The problem is, the TcpSocket::connect is an expression, not a type. We need its type and it’s unnameable as well. Therefore, we need to be generic over the creator and our instance be created with TcpSocket::connect passed to it, so our own type is deduced.

This basically means that we need to store the function and pass the Runtime as value, not as type parameter.

fn go_away_server<R: Runtime>(runtime: &R, port: u16) -> async Result<()> {
    let mut listener = runtime.bind_listener(...).await?;
    ...
}

This is possible but it looks wrong. Furthermore, with the type parameter we could place it on a whole struct and have it available in the whole implementation of the struct, now we have to keep passing the argument around to all the methods or store it.

Closing thoughts

The traits feel like the correct direction in general. However, with the limitations as there are now, it feels like navigating a mine field. One one hand, I hope some of the limitations will get lifted eventually. On the other hand, I have to ask where this will end. I mean, every time some new shiny feature is added to the language, some more that are obviously missing pop up as a result. Is there a „closure“ of the language? Some set of features no missing ones keep sticking out of it?
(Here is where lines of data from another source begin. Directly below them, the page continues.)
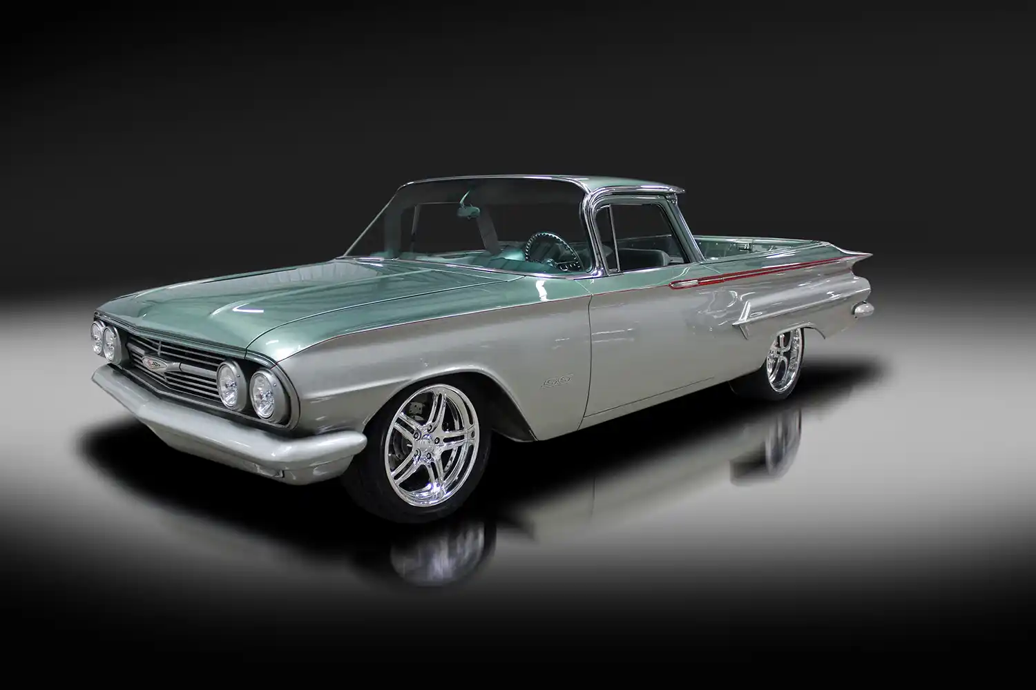 This one-of-a-kind 1960 Chevrolet El Camino Custom Pickup sold for $126,500 in Palm Beach, Florida, in 2017. Nearly every piece of this vehicle has been customized, from its GM ZZ 502ci crate engine with a Ram Jet fuel-injection system to its fully custom leather interior and highly detailed and painted undercarriage.
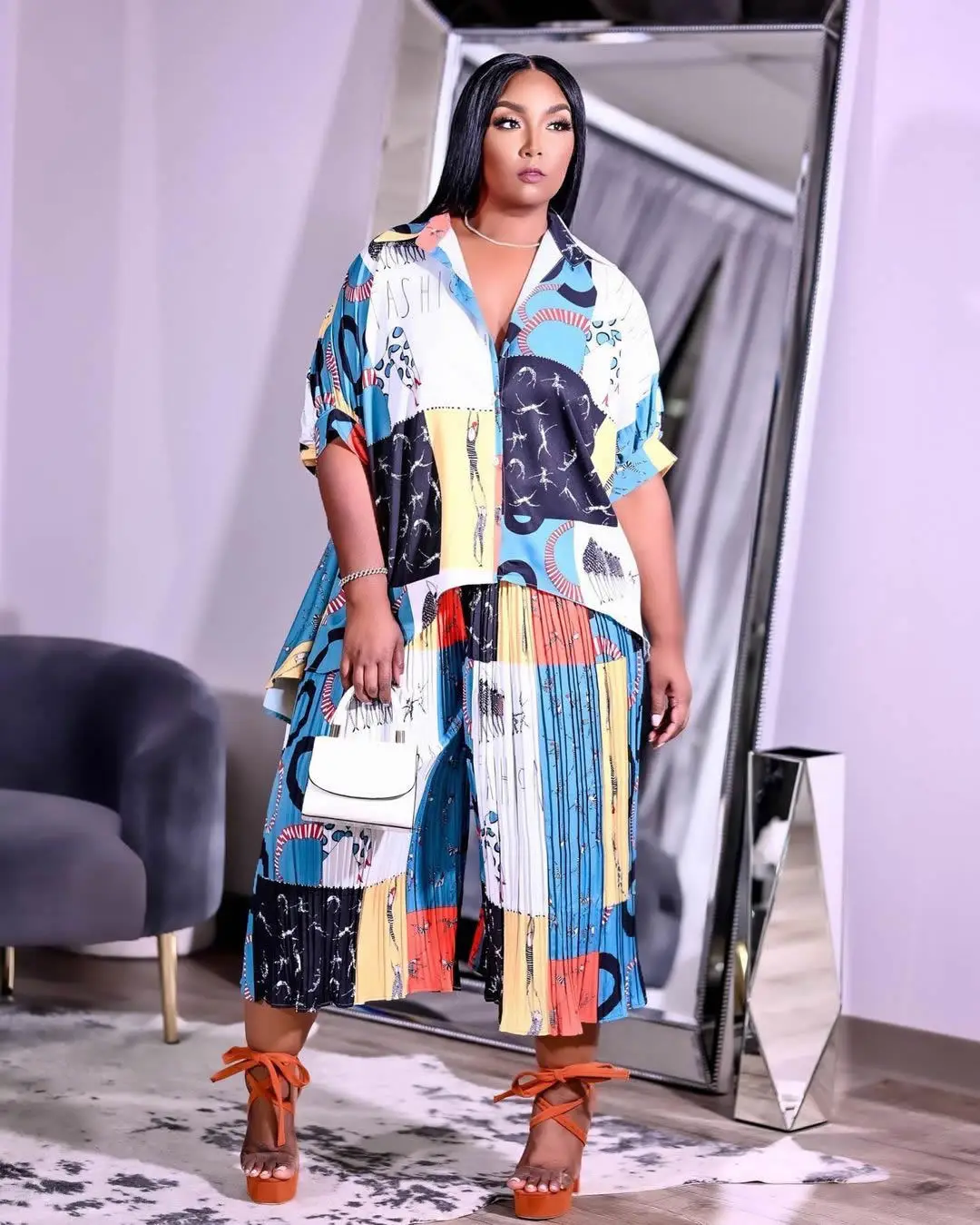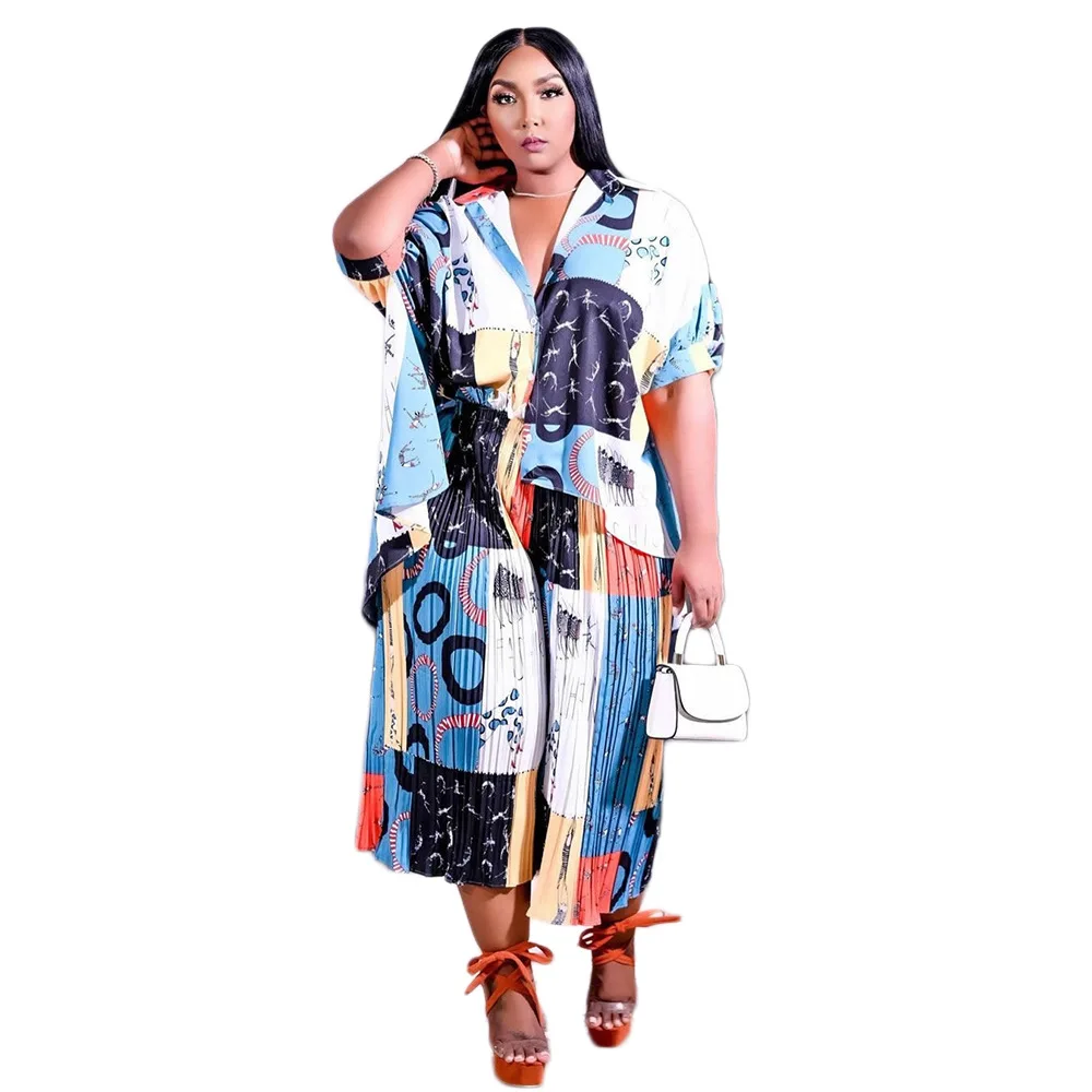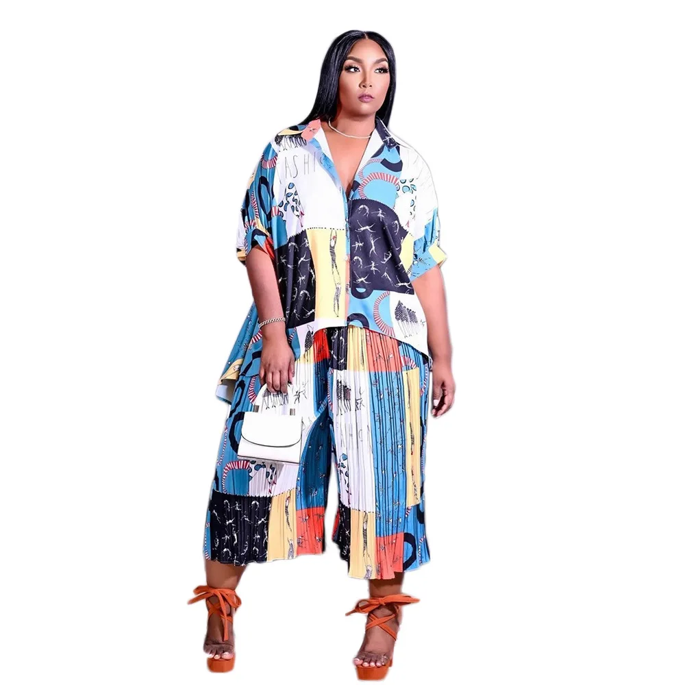 Plus Size 2 Piece Print Short Sleeve Pleated Pant Suit
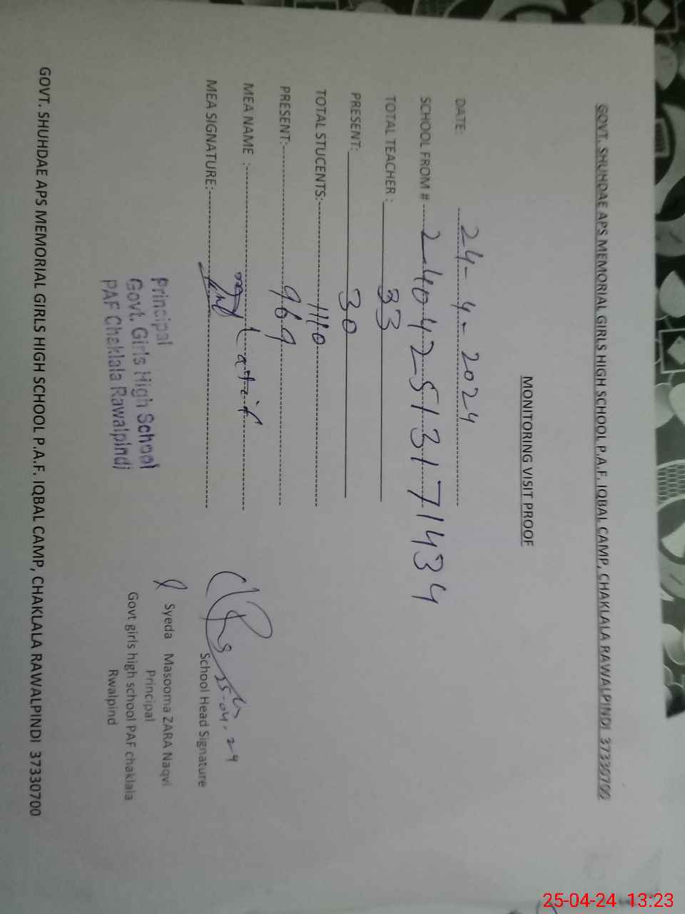 | EMIS Code: 37330700 | Name of School: GGHS PAF BASE CHAKLALA | |||
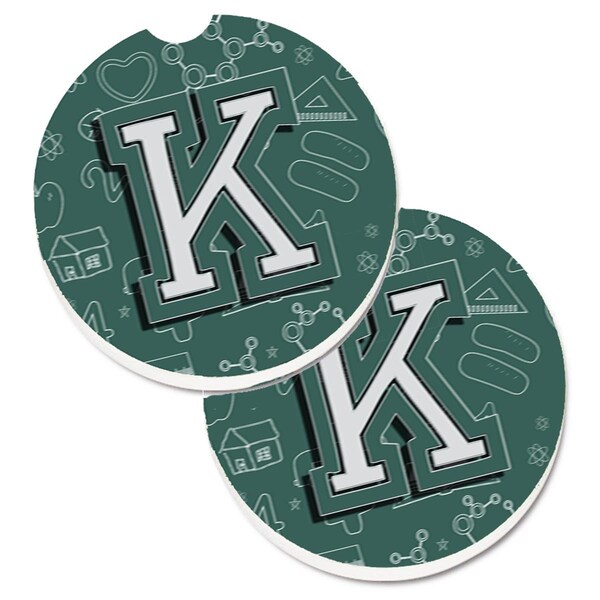 Letter K Back to School Initial Set of 2 Cup Holder Car Coaster
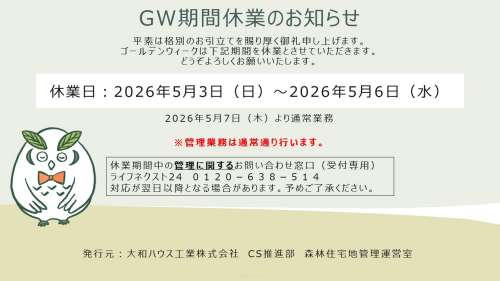 お問い合わせ・お申し出など、スタッフの対応については5月7日(木)以降に
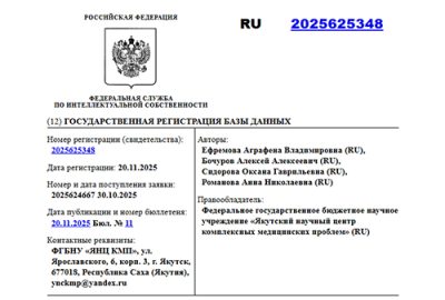 База данных «Метаболические показатели коренных жителей Арктического района Якутии»
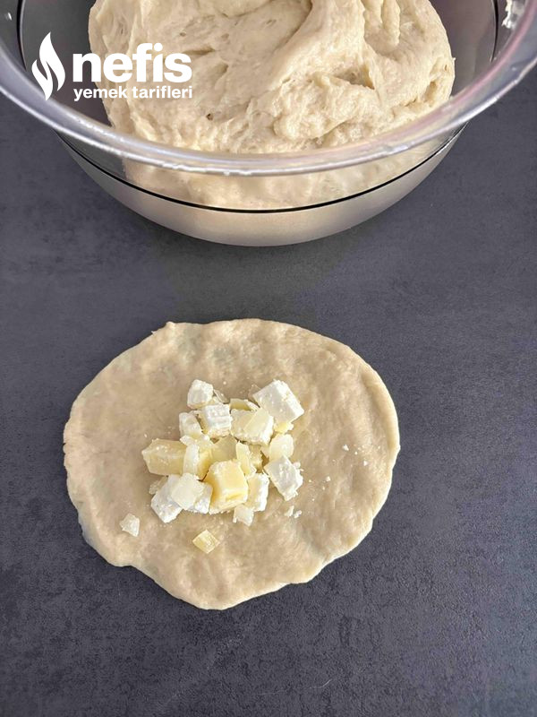 - Mayalanmış olan hamurumuzun havasını çıkartıyoruz ve küçük toplar koparıp açıyoruz hamuru. İç harcımızı çokça dolduruyoruz ben o denli top halinde kapattım. Siz istediğiniz imgeyi verebilirsiniz.
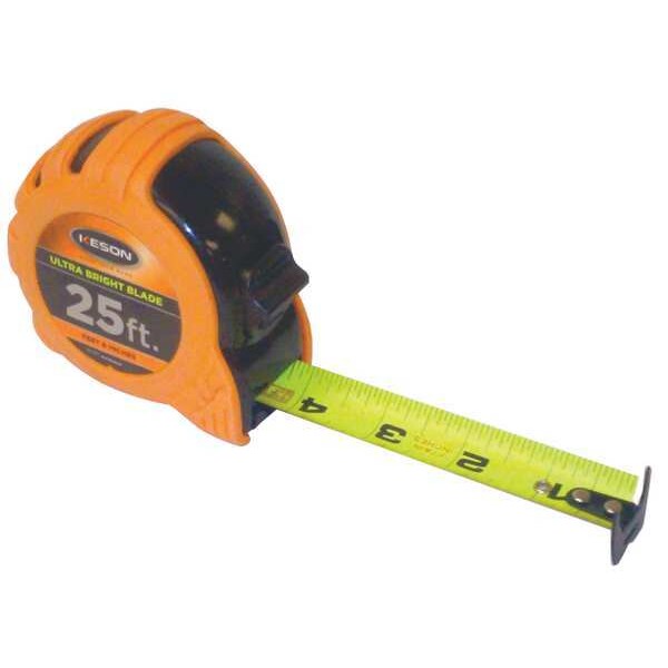 The KESON PG1825UB 25 ft Tape Measure is a reliable tool for any type of job. With an easy-to-read printed blade, you can measure accurately with this tape measure. Featuring a double sided printed blade, the SAE tape measure is designed to be read from both sides. It has a high visibility yellow blade that stands out against dark surfaces and is easily readable in low light conditions. The 1/8" graduations are marked on both sides of the blade and it also has fractional inches marked on one side. Its ABS case ensures that your measurements will not be marring by metal surfaces or other tools. The KESON PG1825UB 25 ft Tape Measure will help you take accurate measurements every time.
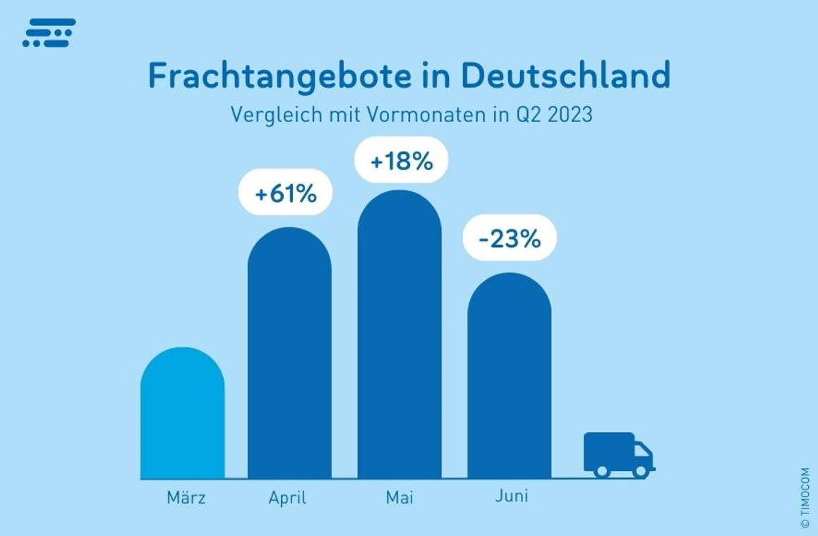 (Erkrath) Nach schwachem Start im ersten Quartal zeichnete sich zunächst im zweiten Quartal eine Steigerung der Transportnachfrage ab. Entgegen des laut ifo-index sinkenden Geschäftsklimas wurden europaweit im April 40% mehr Frachtangebote und innerhalb Deutschlands 61% mehr Frachten im Spotmarkt eingestellt als noch im März 2023. Im Mai kamen in Deutschland nochmals 18% mehr Frachtangebote im Vergleich zum Vormonat hinzu, europaweit war es ein Plus von 8%. Insgesamt gab es durch das Hoch Anfang Q2 57% mehr Frachtangebote im Marktplatz von TIMOCOM als im Vorquartal.

As for the library fragmentation, I hope some solution will be found eventually. My naïve wish would be for all the libraries to agree with each other, take their socket types (and whatever wakes them up) and put it into a common crate and take it into each as a dependency. Then tokio::net::TcpStream would just happen to be the same type as async-std::net::TcpStream. After all, their interface is almost the same and the thing that wakes them (is it called driver?) is mostly just a wrapper around mio. But maybe there are good reasons why this doesn’t work.